Increase support to women’s civil society organizations by committing to capacity building targets and providing flexible funding: An area of the WPS agenda that remains chronically underfunded is direct bilateral aid to women’s organizations in fragile and conflict-affected states. Many grassroots women’s organizations expressed concern over the slow pace of global progress in making funding more readily available. This situation persists despite accelerated efforts across the wider UN system. For instance, in 2016 the PBF for the first time made available direct funding to peacebuilding projects by civil society organizations (CSOs) as part of the Fund’s annual Gender and Youth Promotion Initiative (GYPI). The same year saw the launch of the Women’s Peace and Humanitarian Fund (WPHF) as an innovative and flexible funding mechanism for grassroots women’s organizations.

“Support for the grassroots, the communities, the strengthening of their cultural processes within their own contexts, of their own community processes — that is empowerment that must continue … and the work with women, with indigenous women, with rural populations. Listen to those voices, facilitate access to information and political participation.” — CSO interview respondent, Guatemala

Ensure that rigorous monitoring and evaluation frameworks are in place, including improved metrics that go beyond ‘counting’ women and are sensitive to gendered definitions of a peacebuilding project success: Results frameworks often concentrate on narrow questions of merely enumerating how many women participate in a given setting. This metric fails to account for whether the participation was meaningful or tokenistic, and to what extent women’s agency is realized through participation. Instead, where possible, quantitative indicators on women’s participation (gender balancing) should be complemented with qualitative assessments of women’s substantive representation. Women participate across many activities including as mediators, gender experts and community activists, and the recognition of different types of women’s participation and the respective impacts needs to be included in measurement. The recognition that peace can be experienced differently by various groups of stakeholders is crucial to gender-responsive peacebuilding. Peacebuilding indicators that are gender-blind or gender-biased will likely bear little resemblance to lived experiences of conflict or peace. Some promising approaches have begun to emerge in recent years, for example, in a PBF-funded project in Guatemala, where a community consultation process came up with the following indicator: % of people who avoid going to or through specific areas due to insecurity — disaggregated by sex and age. This is an excellent demonstration of how peace at the local level can be measured, with attention paid to the distinct experiences of female community members.

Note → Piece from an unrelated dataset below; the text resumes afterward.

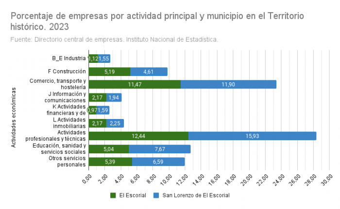 Según el Directorio Central de Empresas del Instituto Nacional de Estadística en 2023 habían 1183 empresas en El Escorial y 1394 en San Lorenzo de El Escorial, que representan el 46 y el 54 % respectivamente del total de 2.580 empresas en el Territorio Histórico.
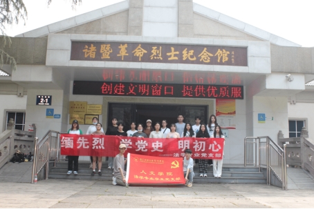 陵园肃穆,松柏苍翠,丰碑伟岸。为缅怀革命先烈,弘扬英烈精神和红色文化,加强党史学习教育,尊崇英雄,铭记烈士。法学专业学生党支部近日在诸暨革命烈士纪念公园开展校外党史学习教育,本次教育的主题为“缅先烈、学党史、明初心”。支部书记带领,支部党员代表共同参与。

Amplifying the Role of Women: Kyrgyzstan

One example of gender-responsive peacebuilding comes from Kyrgyzstan where the Peacebuilding Fund supported a project to address gaps of basic services and extension of services to informal settlements outside of the capital Bishkek. The absence of these services had been driving grievances and mistrust between these communities and state institutions, and the concern was that mistrust would potentially generate either backlash against the state or, or worse, recruitment by violent groups. Tammy Smith, Senior Advisor at the UN Peacebuilding Fund, explains that the PBF worked through women’s organizations — formal and informal — in and around these settlements in Bishkek to connect them with services and local grants offered by municipality. “We tried to be the connecting point between the really important and dynamic work that was already happening among formal and informal associations of women on the ground,” Smith recounted at the launch event of the Thematic Review in December 2021. “We saw that the result was not just that the role of women was amplified, but in so doing they also ensured greater access to those services which ultimately had the effect that we were hoping to generate from the peacebuilding side — of raising people’s confidence in state institutions and bringing them closer to repair the state-society relationship,” she concluded.